The interim government on Thursday notified a massive increase to fuel prices for the next fortnight, raising the tariff of petrol by Rs. 14.91/liter and high-speed diesel by Rs. 18.44/liter.
“Owing to the increasing trend of petroleum prices in the international market and exchange rate variations, the government has decided to revise the existing consumer prices of petroleum products,’ read a notification issued by the Finance Division. Under the revised prices, the tariff for petrol has increased from Rs. 290.45/liter to Rs. 305.36/liter, while that of diesel has ballooned from Rs. 293.4/liter to Rs. 311.84/liter. This is the first time in Pakistan’s history that the price of fuel has climbed past Rs. 300. The new prices include a petroleum development levy (PDL) of Rs. 60/liter—Rs. 5 more than what was imposed in the last review—on petrol, while the PDL on diesel has been set at Rs. 50/liter.
According to experts, the biggest reason for the price increase is not international rates, but rather the ongoing devaluation of the rupee against the U.S. dollar, which has pushed prices of fuel to new heights. The incumbent interim government has already made clear that under the $3 billion standby arrangement with the International Monetary Fund (IMF), it cannot afford to give any subsidies and must pass on all price differentials to consumers to maintain fiscal discipline.

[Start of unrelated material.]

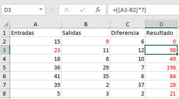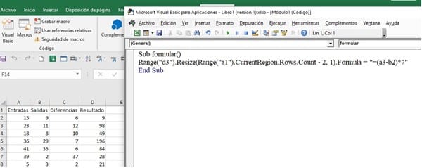Quisiera poder pasar la fórmula de la imagen a una macro, lo que hace la fórmula es que las entradas en la columna A se restan con las salidas de la fila anterior de la columna B y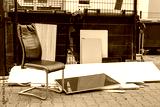 bulky waste reduction, large pile discarded furniture, chair, panels, renovation or decluttering process, used things on street, problem shredding garbage, diverted for recycling, pollution nature

However, it is likely that the new prices would trigger further inflation—already at roughly 25 percent year-on-year—burdening masses already struggling due to the mismanagement of the economy. Diesel, especially, is widely used in transport and agriculture sectors and any increase to its prices inevitably has a knock-on effect on inflation of essential commodities.
Over the past two weeks, protests against hefty electricity bills have threatened to spiral into civil disobedience. Due to the new fuel tariffs, further increases are expected in upcoming bills, triggering further unrest.